Event handlers are added to the DragDelta and DragCompleted event of each Thumb control. The Thumb control is a bit of an odd one, you might expect that it moves itself as the user clicks and drags it, however, this is not the case. When the user clicks and drags the Thumb, it fires DragDelta events as the mouse moves, however, it is your responsibility to move the Thumb to the updated location to reflect this drag operation.

This might sound odd at first, however, there are many in which a control can be moved, you can set its Canvas location, update its Margin, apply a RenderTransform, to name just a few methods. In the case of the range control described in the XAML above, the Thumb location is dictated by the width of the column that contains it. Therefore, when DragDelta events are fired, we need to update these widths on code-behind, as shown below:

/// <summary>
/// Handles dragging of the left hand thumb control
/// </summary>
private void LeftThumb_DragDelta(object sender, DragDeltaEventArgs e)
{
  // obtain the column width and apply an offset
  var columnDef = LayoutRoot.ColumnDefinitions[0];
  var width = columnDef.Width.Value;
  width += e.HorizontalChange;

  // prevent the user from dragging the thumb outside of the control
  if (width < 0)
  {
    width = 0;
  }

  // prevent the overlap of the left + right regions
  if (width + LayoutRoot.ColumnDefinitions[2].Width.Value + 20 > this.ActualWidth)
  {
    width = columnDef.Width.Value;
  }

  // update the column width
  columnDef.Width = new GridLength(width);
}

private void Thumb_DragCompleted(object sender, DragCompletedEventArgs e)
{
    UpdateExposedBounds();
}

The event handler for the right hand thumb is very similar to the above. The handler for the centre thumb which allows you to drag a region of fixed time is a little more complex, updating the widths of both left and right hand columns, however, the principle is very much the same.
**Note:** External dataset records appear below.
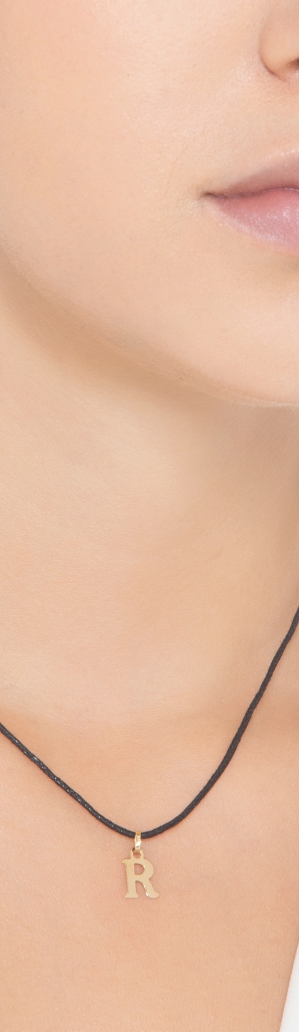 Ciondolo con lettera iniziale R stampatello in oro giallo 18k
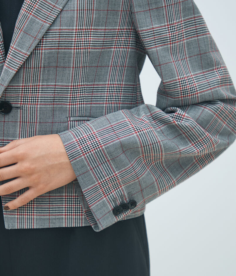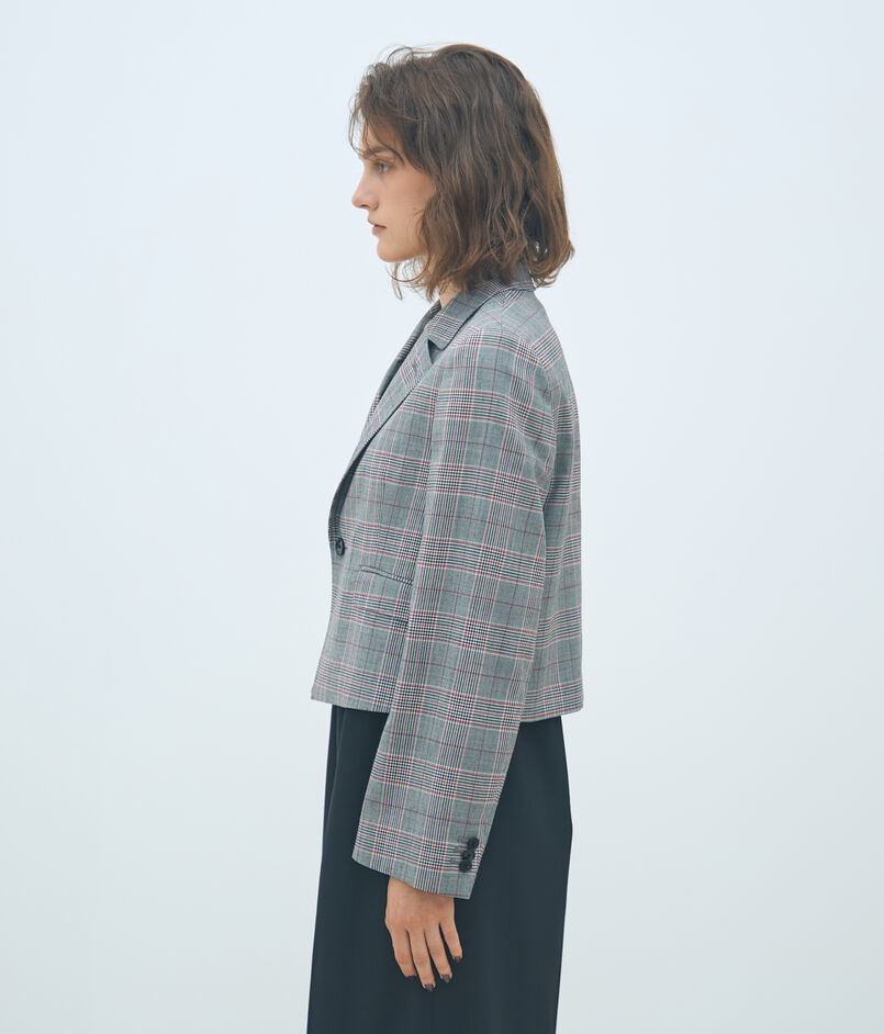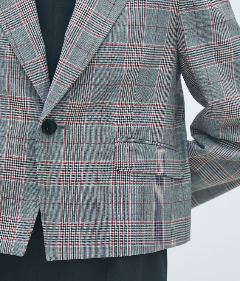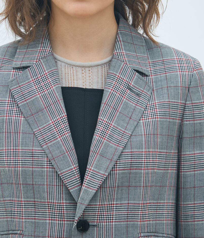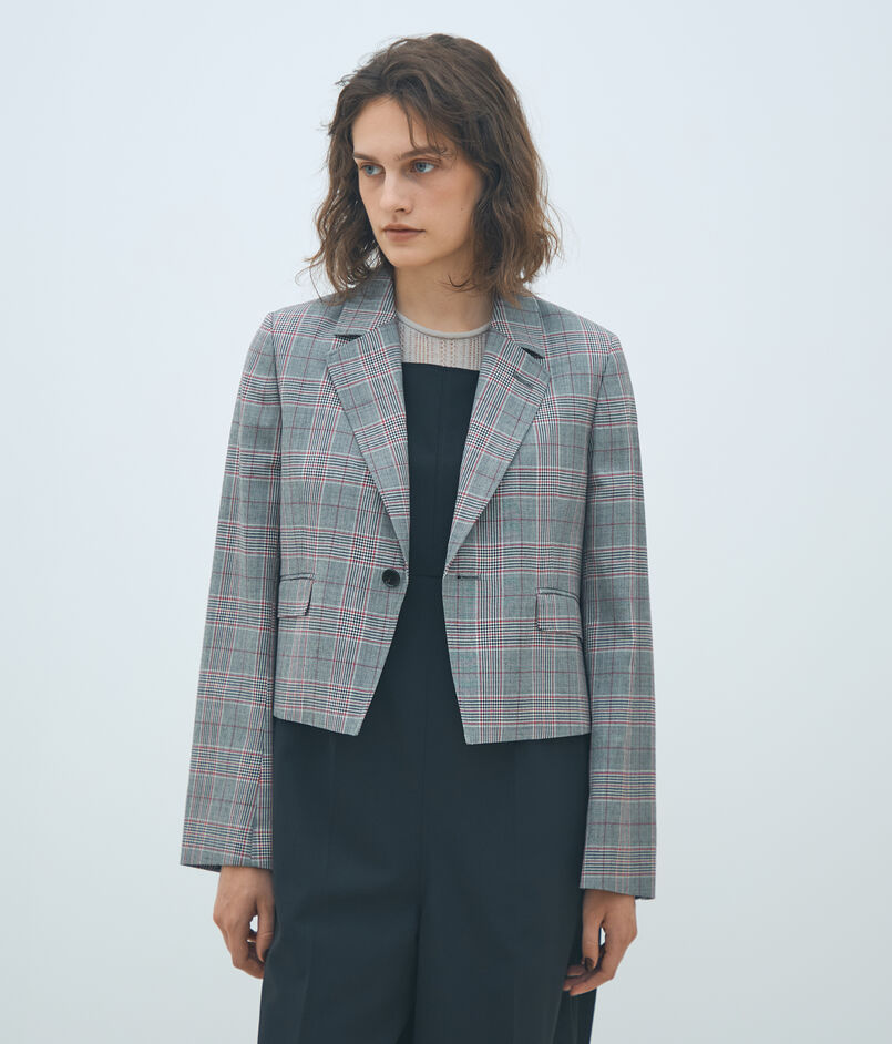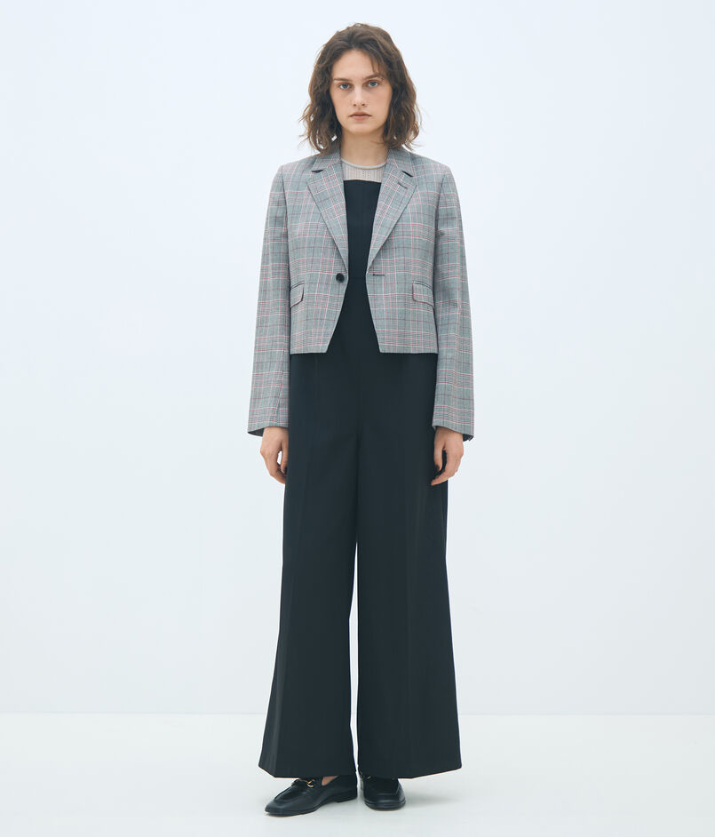 シングルブレストジャケットはシャープさのある身頃に対し、袖はワイドめにすることでメリハリをつけた一着。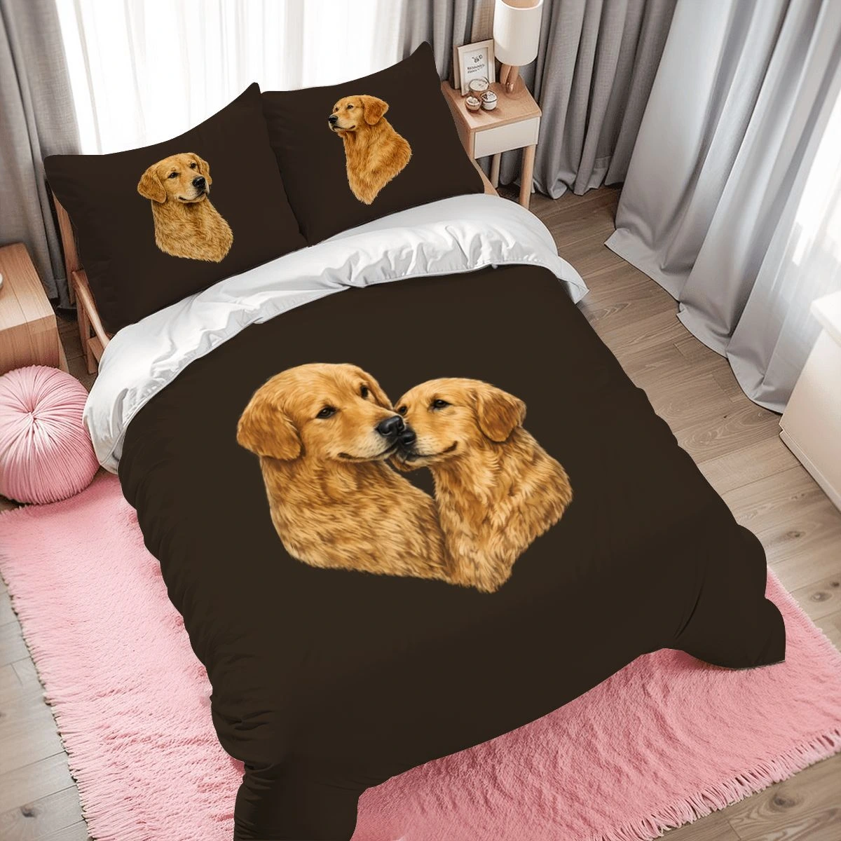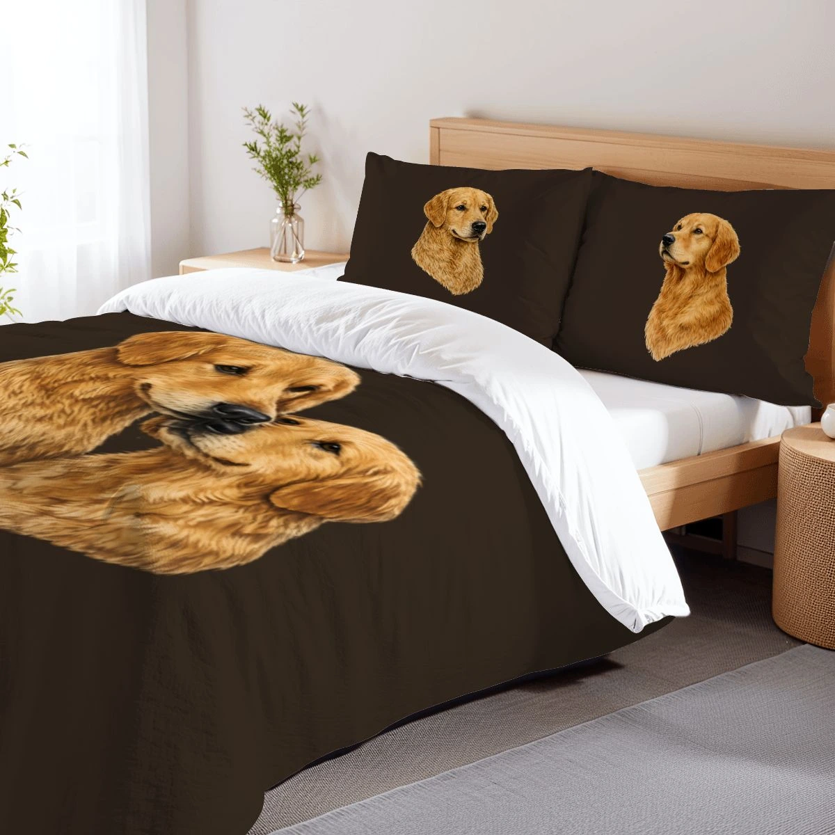 Celebrate your love for dogs with the Golden Retriever Full Duvet Cover Set, designed to bring warmth and personality to your bedroom. Featuring beautifully detailed golden retriever artwork on a rich brown background, this bedding set creates a cozy and heartwarming atmosphere perfect for dog lovers. The realistic illustration adds charm while the deep neutral tone blends effortlessly with rustic, modern, or farmhouse decor styles.

In order to use this control as an interactive range selector, we need to be able to specify the DateTime range it represents and also the control needs to expose the DateTime range for the current selection. To achieve this purpose, the control exposes a Range dependency property of type DateTimeRange (from the Visiblox APIs), which is used to specify the overall date range. The DragCompleted event handler above calls UpdateExposedBounds() which updates a Bounds dependency property to reflect the selected range:

private void UpdateExposedBounds()
{
  if (Range == null)
    return;

  double deltaMinutes = (Range.Maximum - Range.Minimum).TotalMinutes;
  double width = this.ActualWidth;

  double leftThumbPos = LayoutRoot.ColumnDefinitions[0].Width.Value;
  double rightThumbPos = LayoutRoot.ColumnDefinitions[2].Width.Value;

  DateTime upper = Range.Maximum.AddMinutes(-deltaMinutes * (rightThumbPos / width));
  DateTime lower = Range.Minimum.AddMinutes(deltaMinutes * (leftThumbPos / width));
  Bounds = new DateTimeRange(lower, upper);
}

The above code uses a simple bit of algebra to compute the Bounds as a proportion of the overall exposed Range.
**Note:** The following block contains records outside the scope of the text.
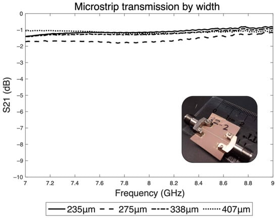 A set of microstrip lines 18 mm in length and spanning widths of 235m to 407m, were printed to determine the effects of variation on overall transmission line performance. From Equation (1) this variation translates to characteristic impedances ranging from 60 Ω to 40 Ω respectively. S21, or transmission, was measured from 7 to 9 GHz between two 50 Ω ports for each printed microstrip. All transmission lines displayed S21 values of >−2 dB at 8 GHz (Figure 3). This result suggests that this level of variation in printed microstrip width has no significant, independent effect on antenna S11 values.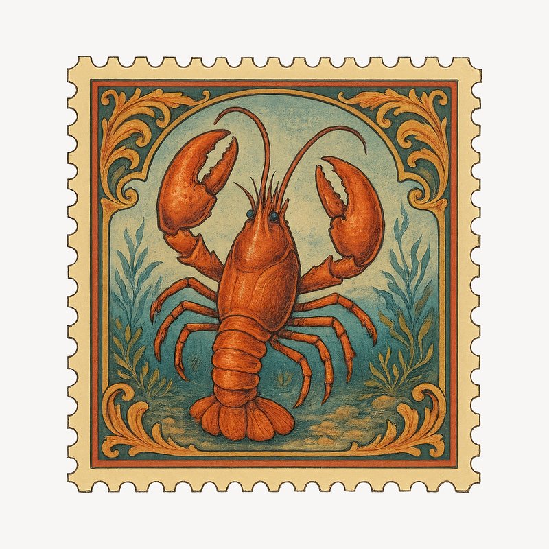 Vintage lobster postage stamp illustration. https://www.rawpixel.com/image/18660866/vintage-lobster-postage-stamp-illustrationView license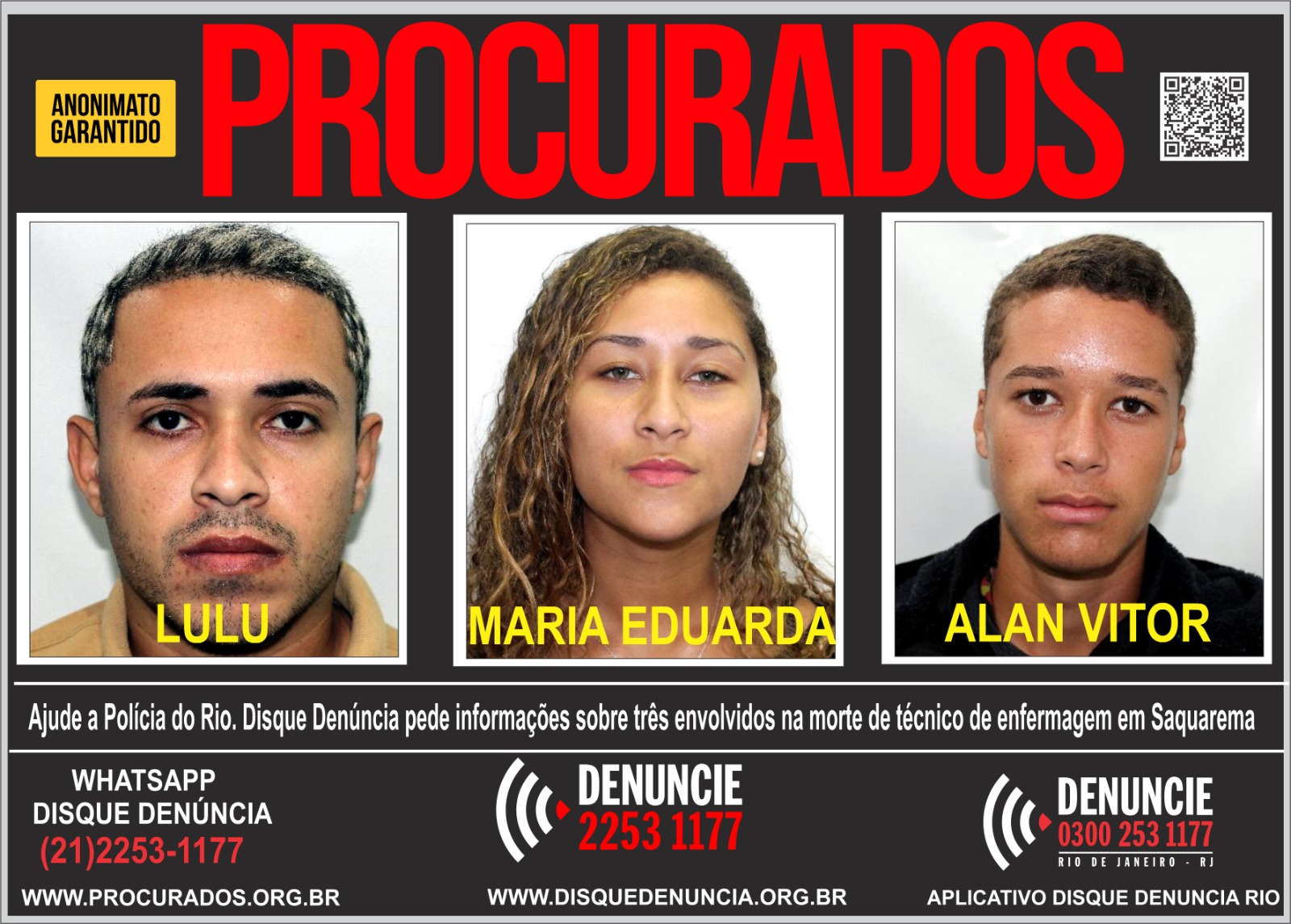 O Disque Denúncia divulgou nesta quinta-feira (29) um cartaz com fotos e informações de três suspeitos de envolvimento no assassinato do técnico de enfermagem Fábio Corrêa Oliveira, de 27 anos, encontrado morto e enterrado em uma área de mata no bairro Vilatur, em Saquarema, na Região dos Lagos. Ele estava desaparecido desde o domingo de Páscoa, 20 de abril deste ano.

Using this range control to create a 'navigator' chart and update a 'detail' is as simple as binding the range control's Range property to the XAxis.ActualRange property of the navigator chart, and its Bounds property to the XAxis.Range property of the detail chart.
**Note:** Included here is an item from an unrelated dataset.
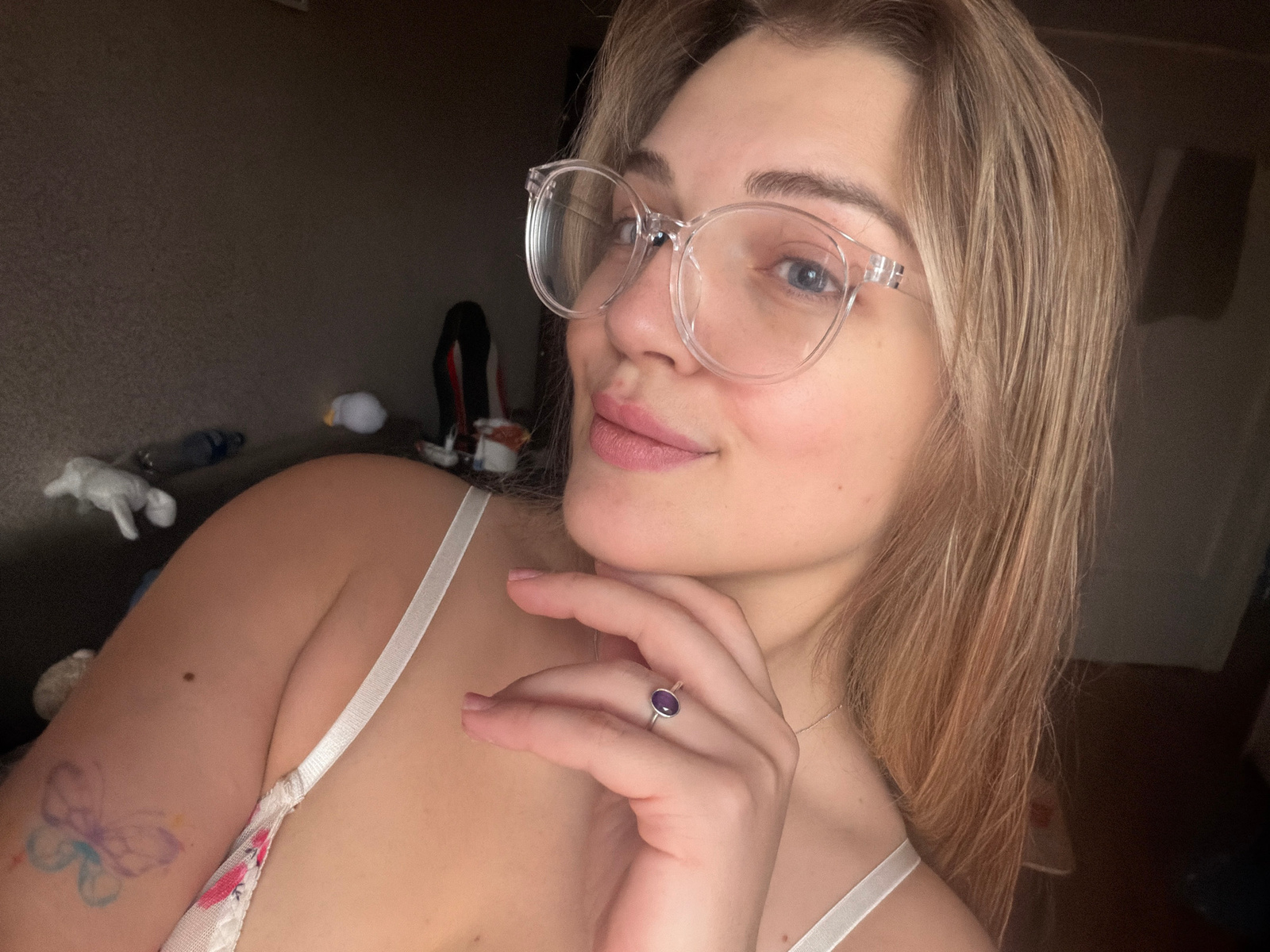 A close-up, angled shot shows a person with blonde hair and glasses. The person is wearing what appears to be a light-colored bra or top with thin straps. A ring with a purple stone is visible on one…read more

This can all be achieved via UI bindings as shown below:

<Grid>
  <Grid.RowDefinitions>
    <RowDefinition Height="2*" />
    <RowDefinition Height="*"/>
  </Grid.RowDefinitions>

  <!-- the 'detail' chart -->
  <vis:Chart LegendVisibility="Collapsed"
             x:Name="detailChart">
    <vis:Chart.YAxis>
      <vis:LinearAxis LabelsPosition="Inside"
                      AutoScaleToVisibleData="True"/>
    </vis:Chart.YAxis>
    <vis:Chart.XAxis>
      <vis:DateTimeAxis Range="{Binding ElementName=rangeControl, Path=Bounds}"/>
    </vis:Chart.XAxis>
  </vis:Chart>

  <!-- the navigator chart -->
  <vis:Chart Grid.Row="1"
             LegendVisibility="Collapsed"
             x:Name="chartNavigator">
    <vis:Chart.XAxis>
      <vis:DateTimeAxis />
    </vis:Chart.XAxis>
  </vis:Chart>

  <local:DateTimeRangeControl x:Name="rangeControl"
           Grid.Row="1"
           Range="{Binding ElementName=chartNavigator, Path=XAxis.ActualRange}"/>
</Grid>

You can see the above code in action:

Performance Considerations

With the code above, the range control Bounds property is bound to the X axis range of the upper chart. Each time this range is changed the chart has to perform quite a bit of work, computing the new Y-axis range, re-drawing the series etc... For this reason, the implementation only updates the Bounds property when the user finishes adjusting the range. It would be better if the chart could update whilst the user drags the navigator range. In order to do this, we need a more lightweight method of updating the upper chart.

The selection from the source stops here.